LS 6.3.2 Updating document with full content from multiple log files

Hi Team,

I have an application that produces lines in a log file with a unique UUID in its file name. When the log file grows to a certain size it gets rolled. The files are not updated after they are rolled. Eg:

UUID_MY_FILE.log.2 => This is the oldest file
UUID_MY_FILE.log.1 => This is the second oldest file
UUID_MY_FILE.log   => This is the newest file with new log lines being written to it.

What I want to do is: as the logs get rolled and new data added, get the combined content of all the log files into a single document (I will generate an identifiable document ID for each document using the log file's UUID).

What would be the best / optimum way to achieve this? I reckoned I'd better ask for advise here first as probably this scenario might have already been covered previously.

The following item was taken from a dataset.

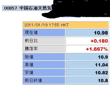 さて・・・たまには株の話。まあ、株で無敗と謳っているので・・・・それで来てくれた人もいたかもしれないけれども・・・・最近、ほとんど株の話しないしね。ちょっとだけ・・・多分、去年だと思うのだが・・・もうほとんど覚えていないが・・・・ペトロチャイナを再度有り金全部ぶちこんで購入した・・・ちょっと前の日記を見る限り・・・・9香港ドルジャストで仕込んだらしい・・・・で・・・現在の株価は・・・・ご覧の通り。いつ購入したかもう覚えていないのだが・・・・9香港ドルで仕込んで現在10.5香港ドル株も投機性がある以上ギャンブルだと思っているが・・・・16%くらいは株価上昇しているか・・・まあ相変わらず為替差損はすさまじいけれども・・・・ただ・・・個人的にはかなり楽観視している。人民元が過去最大価格をつけたらしい・・・だが、米ドルと連動している香港ドルにはその恩恵はまるでないけれども・・・・・基本的に世の中は道理どうりにしかならないもの。いずれ門戸を開かざるを得ないだろう、中国も。考えてみれば・・・第二次世界大戦が終わった直後の日本だって・・・とても信用できる代物を作っていたとは思えない。水俣病等の公害もそうだが・・・今の中国をあれだけ叩いているが、同じような事を日本もやってきたのだ。勢い、金、人・・・・すべてを考慮しても・・・中国が覇権を獲るんじゃないかと私は思っている。反日教育がどうこう言われているが・・・・時間の流れは想像以上に加速度的で・・・・・信用できない国が信用できるようになる日も来るかもしれない。ただ・・・考えてみれば・・・例え信用できずに騙されたとして・・・・・逆に騙されなかったからと言ってどうなるんだ?と。何も結果は変わりはしない。絶対に変わらない結果と、変わるかもしれない結果・・・どちらを選択するか?なのだ。ブログの冒頭に書いているように・・・たとえ10000Kあったとしても・・・・それを元手にどうにかしないかぎり・・・0とたいして違いはない。生活が何か変わるかと思えば、そうとも思えない。だから・・・私は、流れや勢い、歴史に学ぶ事実、自分以外へのメディアへの疑惑・・・・すべてをひっくるめて、自分の分析を信じよう。基本的に最初はどれも怪しいんだ。日本も一緒だったのだから・・・・仮に読みが外れたとして・・・・現状私に何が出来るというのだ。まったく魅力を感じないアンチエイジング状態の日本の株に張ったところで旨味はない。それだったら・・・呆れるほどの一貫性で、懲りずに中国株を保有し続けたい。私の目論見がヒットすれば・・・ペトロチャイナは伸び続けるし・・・香港ドルは人民元と統一され・・・・・株価良し、為替良しとなるはず。まあ、ならなかったら残念だが・・・・そもそも張らない時と同じ結果が起きるだけ。0%と0%と1%・・・どれを選ぶ?と聞かれているようなものだ。これで1%を選択しない奴がいるのか?と問いかけたい。まあ、何も変わらないなら・・・失う覚悟を持とうという事だ。桶狭間の時の織田信長のように・・・・死のうは一定。死ぬのは変わらない。そう、リスクを負わなきゃ何も変わらない。リスクを負っても何も変わらないかもしれないが、1%の可能性が存在しているかもしれない。それでいいんだ。大体・・・・日々を暮らすのに、僅かでも可能性を高めるために足掻いているじゃないのだろうか・・・もしそうじゃなければ早々に勝負の土俵を割っているような物。折角与えられている権利を行使せず、参加しないで時間を浪費するには勿体なさすぎる。私は誰よりも面白がりたいんだ。そのために必要な物、事を得るために抗う。このブログ一つ取ったって、可能性のための手段だ。とちょっと私もシリアスネタ・・・さてと・・・ギャンブル・・・・今日はまたもやサンマー・・・・で何をしても間に合わず・・・・-20K・・・・オイオイオイ、年明けて70K負けているよ、麻雀で・・・・まだ13日しか経っていないのに・・・4連敗でー70K・・・・・・なんだ、これは・・・間に合わないという暗示なのか?急げと。時間は待ってくれない、置き去りにされるという天啓なのか?だから急げと・・・・本当に酷い・・・何をしても間に合わない、打ちこむ、ツモられる・・・・どうしようもないと思える圧倒的無流・・・・やはり今週の競馬も注意が必要そうだよな・・・・そうだよな・・・・流されるように、何もせず、命の細切れである時間を消費していると・・・どんどん置き去りにされるよな・・・・中心は若い人間なんだ、それもとびきり・・・・中学入る頃からはもう中心から離れ始めているくらいに・・・・可能性は若さにあるか・・・・そうかもしれない。小学生までは時間が私にかまってくれていたかのようにゆっくりと流れていたが・・・・中学に入ることから、熱狂的なファンが関心を失ったかのように時間が私に無関心になったかのように感じる。

But my own approach which I'm in the middle of testing for feasibility is:

  • Use the multline codec in the file input plugin that would just read the whole file:

    start_position        => "beginning"
    
    codec => multiline {
      pattern             => ".*"
      negate              => "true"
      what                => "previous"
    }
    
  • Files are grouped into a single document using the UUID information in the log files' names.

  • Then use upsert for updating the existing doc.

Thanks for your help,

Putting the whole logfile into a single document sounds like a really bad idea. Why would you want to do that? How big are the files?

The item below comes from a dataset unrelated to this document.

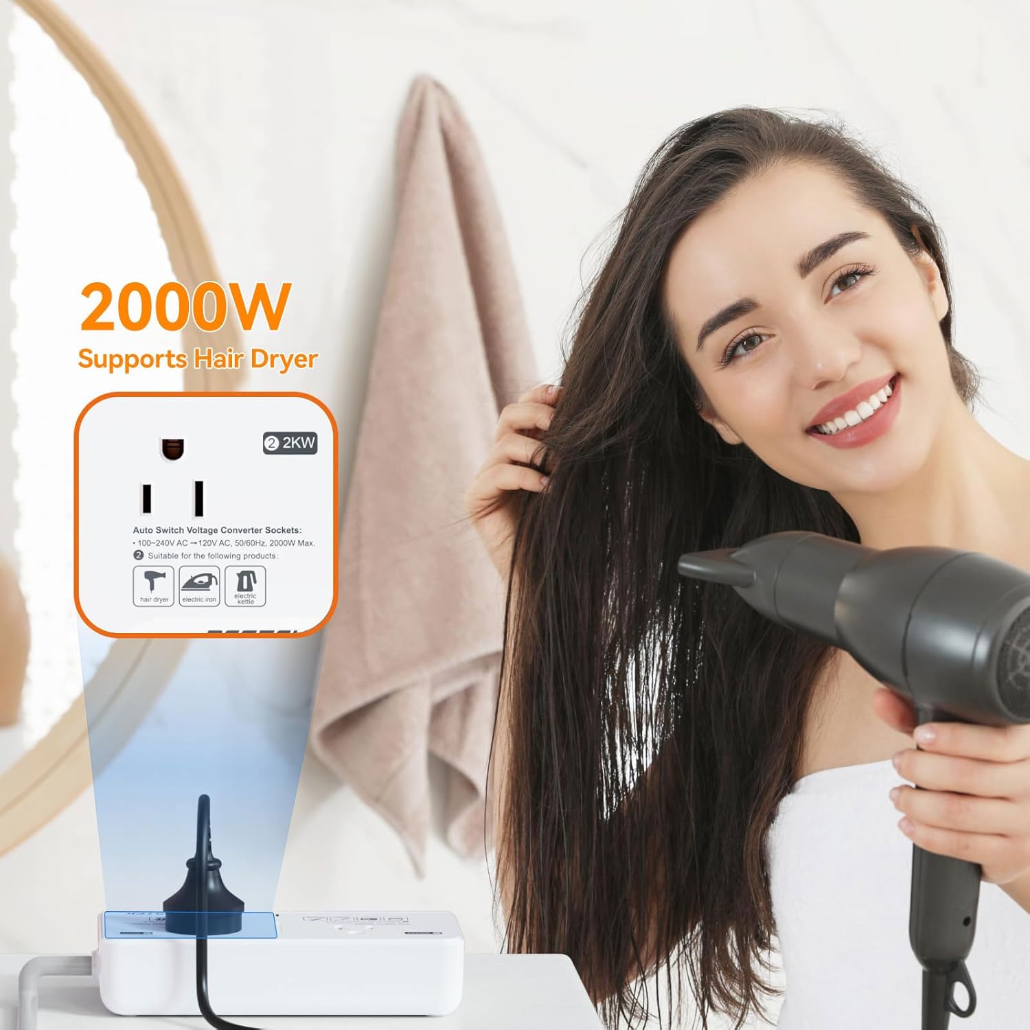 BETSEK’s upgraded power converter can meet your charging needs for multiple devices. This converter has 2 separate sockets. One of the AC outlets converts voltage from 100-140V or 200-240V to 120V, providing a powerful 2000W power, designed for American devices such as hair dryers, electric kettles, and flat irons. The other AC outlet supports wide voltage 100-240V input devices with a maximum power of 200W, which is ideal for low-power devices such as laptops, mobile. Perfect for Most Travel DevicesPerfect for Most Travel Devices

Sorry, I should have mentioned, the files are not big, each file might have a few hundred lines totaling a few hundred KB in size. I would definitely not do this if the files were huge :grin:.

The reason why I would like to do this is mainly because of how the app behaves and how users would like to see the data.

In summary, app generates / executes some "events", for each event the small amount of logs will be stored in a group of files as described above (identified by some UUID in the log files' names). So for clarity and ease of use purposes, we just want to put the logs of each event (which just happens to be residing in multiple files) into a single document.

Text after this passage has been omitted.